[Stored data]

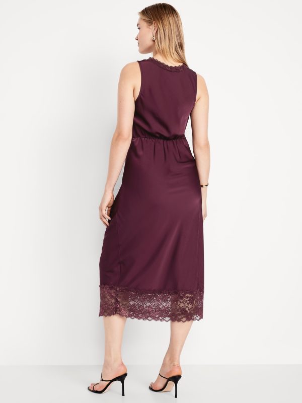 Lace-Trim Satin Midi Dress: lace-trim v-neck, sleeveless, seamed bodice, #798219
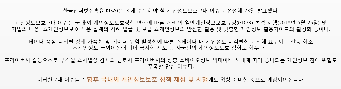 [KISA]2018년 개인정보보호 7대 이슈 전망 발표
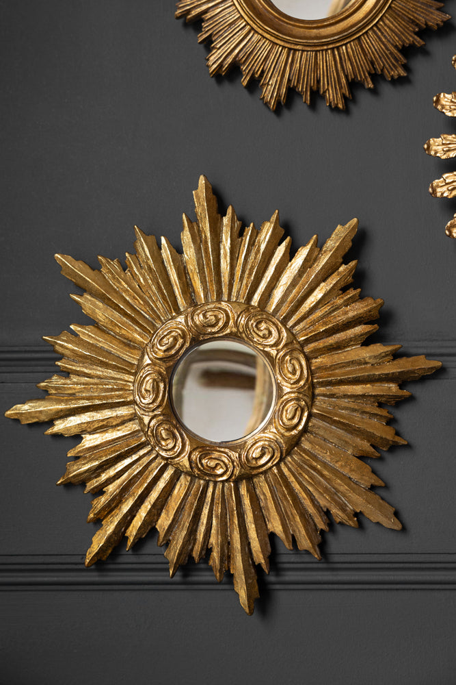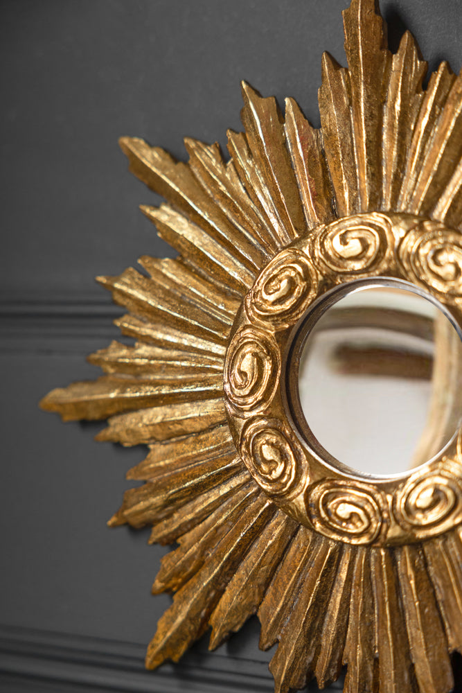 About The Antique Gold Small Star Convex MirrorThe Antique Gold Small Star Convex Mirror is a gorgeous piece that promises to add wonder to your walls. Designed with a unique frame that captures the look of a shooting star, the ornate detailed bor...
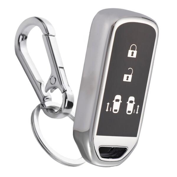 (FRACTAL CREATION) キーケース キーカバー ホンダ NBOX カスタム N-BOX+ Nワゴン N-WGN JG1/2 カスタム N-ONE N-BOX JH1 JH2 JH3 スラッシュ N-VAN JJ1 JJ2 対応 カラビナフック付き エヌボックス (シルバー)
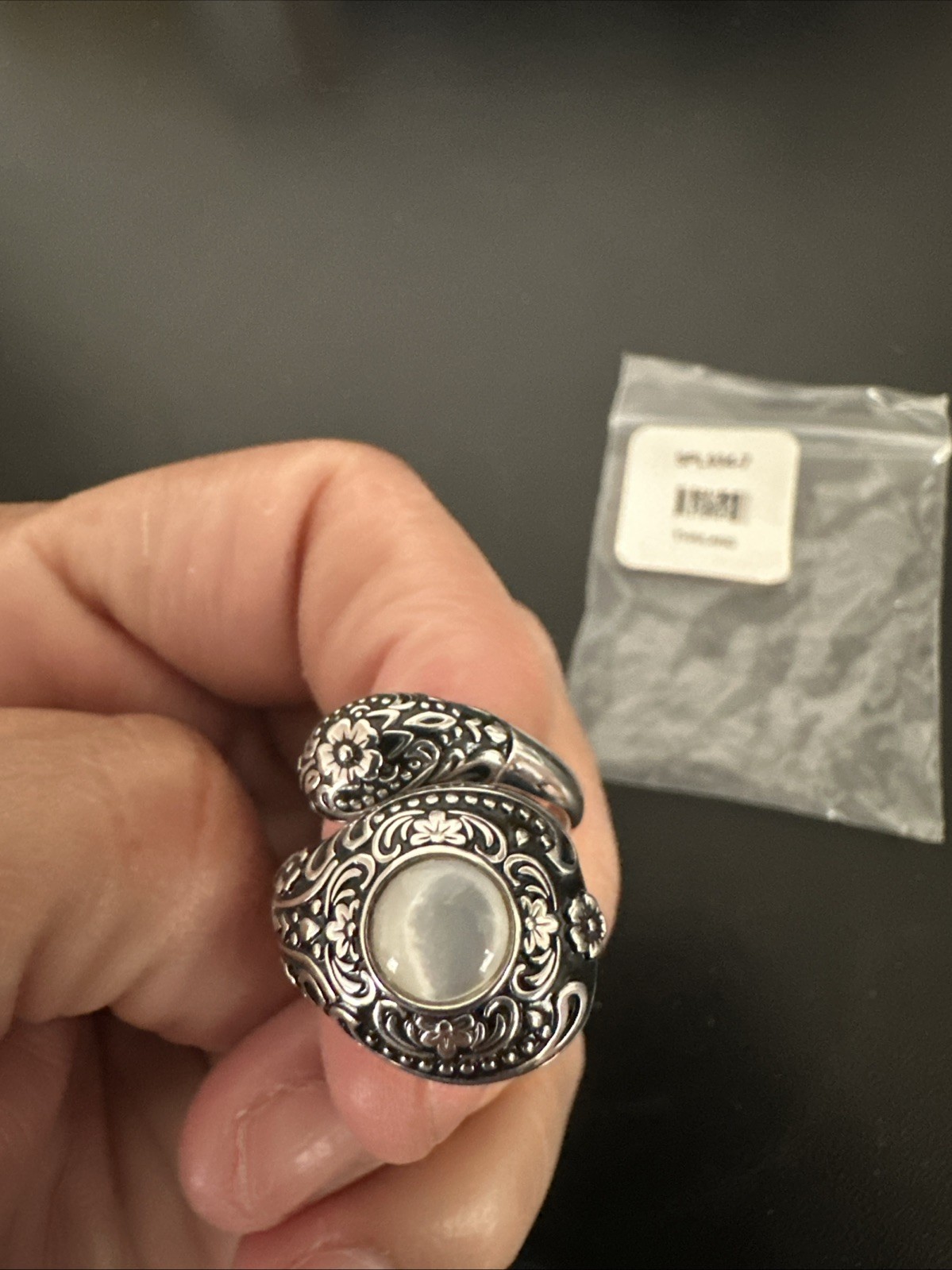 как выглядит 7.5 mm White Mother-of-Pearl Rd Over Sterling Silver Oxidized Bypass Ring SIZE 7 фото
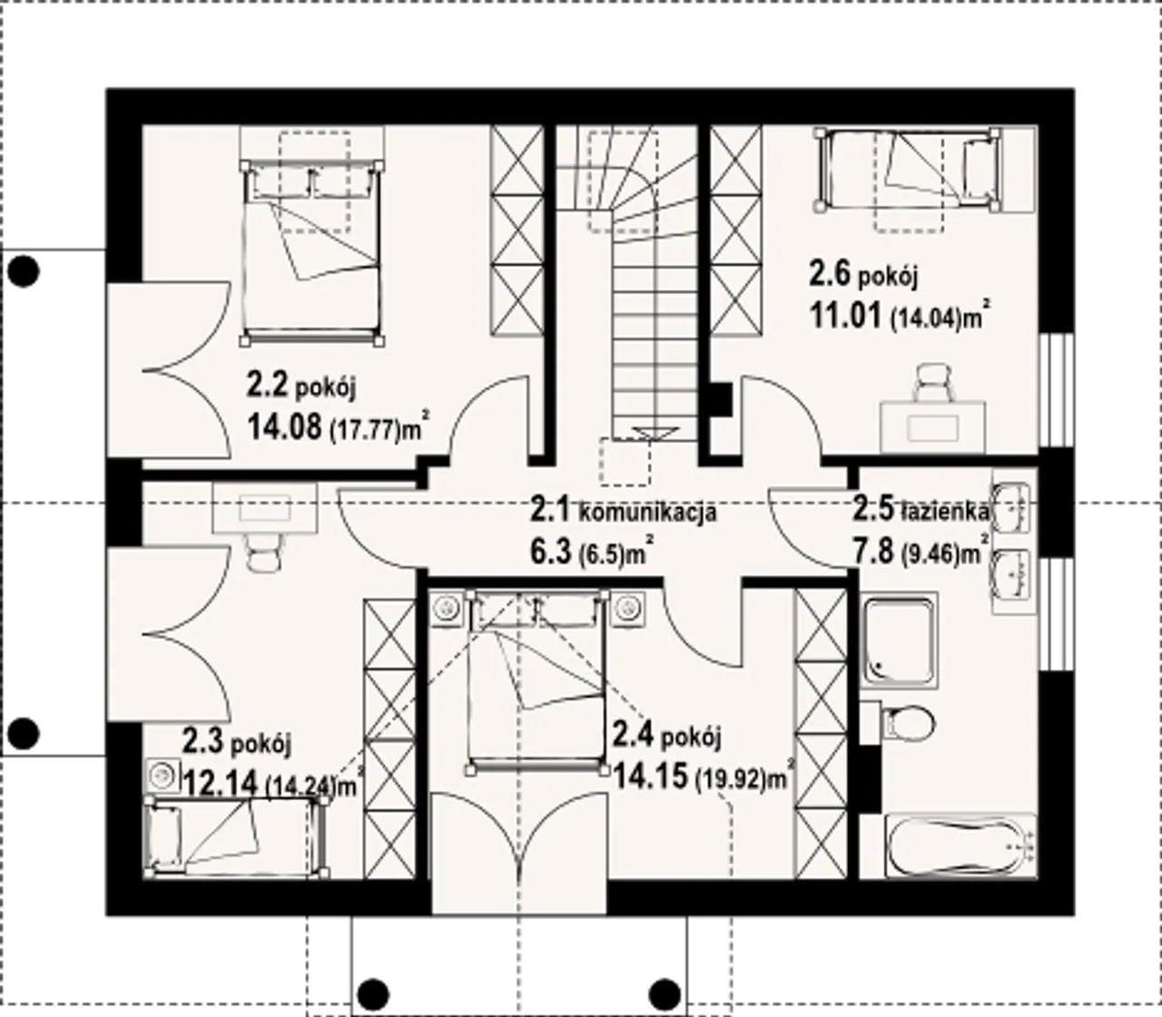 Kupując projekt w technologii murowanej powinieneś budować dom murowany. Zupełna zmiana technologii na szkieletową wymaga przeprojektowania całego budynku ( zmieniają się obciążenia, fundamenty, konstrukcja dachu). Wydamy zgodę na takie przeprojektowanie jednak wiążę się to z dużymi kosztami. Istnieją firmy wykonawcze, które podejmują się zmiany technologii budowy bezpłatnie przy skorzystaniu z ich usług wykonawczych. Zdarza się, że pracownia architektoniczna przygotowuje warianty konkretnego projektu przewidując także inne technologie. Prosimy o sprawdzenie czy istnieje poszukiwana wersja projektu, w zakładce - warianty projektu.

**What you have to do**
When you copy the records above, keep every word exact and drop the pictures.

**Problem solution**
 Lace-Trim Satin Midi Dress: lace-trim v-neck, sleeveless, seamed bodice, #798219
 [KISA]2018년 개인정보보호 7대 이슈 전망 발표
 About The Antique Gold Small Star Convex MirrorThe Antique Gold Small Star Convex Mirror is a gorgeous piece that promises to add wonder to your walls. Designed with a unique frame that captures the look of a shooting star, the ornate detailed bor...
 (FRACTAL CREATION) キーケース キーカバー ホンダ NBOX カスタム N-BOX+ Nワゴン N-WGN JG1/2 カスタム N-ONE N-BOX JH1 JH2 JH3 スラッシュ N-VAN JJ1 JJ2 対応 カラビナフック付き エヌボックス (シルバー)
 как выглядит 7.5 mm White Mother-of-Pearl Rd Over Sterling Silver Oxidized Bypass Ring SIZE 7 фото
 Kupując projekt w technologii murowanej powinieneś budować dom murowany. Zupełna zmiana technologii na szkieletową wymaga przeprojektowania całego budynku ( zmieniają się obciążenia, fundamenty, konstrukcja dachu). Wydamy zgodę na takie przeprojektowanie jednak wiążę się to z dużymi kosztami. Istnieją firmy wykonawcze, które podejmują się zmiany technologii budowy bezpłatnie przy skorzystaniu z ich usług wykonawczych. Zdarza się, że pracownia architektoniczna przygotowuje warianty konkretnego projektu przewidując także inne technologie. Prosimy o sprawdzenie czy istnieje poszukiwana wersja projektu, w zakładce - warianty projektu.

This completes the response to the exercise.